The farmer has eight dairy cows out of which he is milking six and supplies the 100 liters of milk he gets to a processor in the county.
“I had remained with feeds that would last me the next four months, so the rains are really timely. I am happy that they are a little consistent as compared to last year,” he said.
With the rains, east African nation’s livestock farmers are assured of having animal feeds and thus enhanced production of milk and meat in the coming months. This, in turn, assures citizens food during this time when the country is battling coronavirus.
Similarly, the supply of various farm produce in particular vegetables is on the increase as the intensity of the rain grows.
Traditional vegetables, cabbages, and collard greens, commonly known as sukuma wiki in the country, are among those whose prices are declining to the relief of consumers in the East African nation.

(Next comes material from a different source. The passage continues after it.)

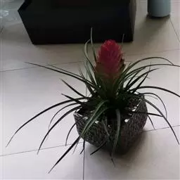 果子蔓 又名擎天凤梨、红杯凤梨、西洋凤梨,为多年生草本。叶长带状,浅绿色,背面微红,薄而光亮。穗状花序高出叶丛,花茎、苞片和基部的数枚叶片呈鲜红色。果子蔓叶片翠绿,光亮,深红色管状苞片,色彩艳丽持久,是目前世界花卉市场十分流行的盆栽花卉之一。果子蔓为花叶兼用之室内盆栽花卉,还可作切花用。既可观叶又可观花,适宜在明亮的室内窗边长年欣赏。

“I planted traditional vegetables that include amaranth and nightshade and I am currently harvesting and selling to traders mainly women who are supplying them door to door in Kitale since open-air markets are closed to curb the spread of coronavirus,” said George Ambuche, a farmer in the region, one of Kenya’s breadbaskets.
Farmers in the region situated in western Kenya and others in the Rift Valley are currently planting maize and beans. The former will be harvested from August and the latter from June.
The Kenyan government classifies the food sector as one of the essential services exempted from some restrictions like curfew, with food distributors allowed to move from one region to another and beyond curfew hours to boost food supply.
With the planting of various crops currently ongoing, citizens are assured that prices of food would remain stable and supplies steady in the coming months, which is crucial for the country as it battles COVID-19.
Beatrice Macharia of Growth Point, an agro-consultancy in Kajiado, south of Nairobi, acknowledged that agricultural activities have intensified in the East African nation with the start of the rains.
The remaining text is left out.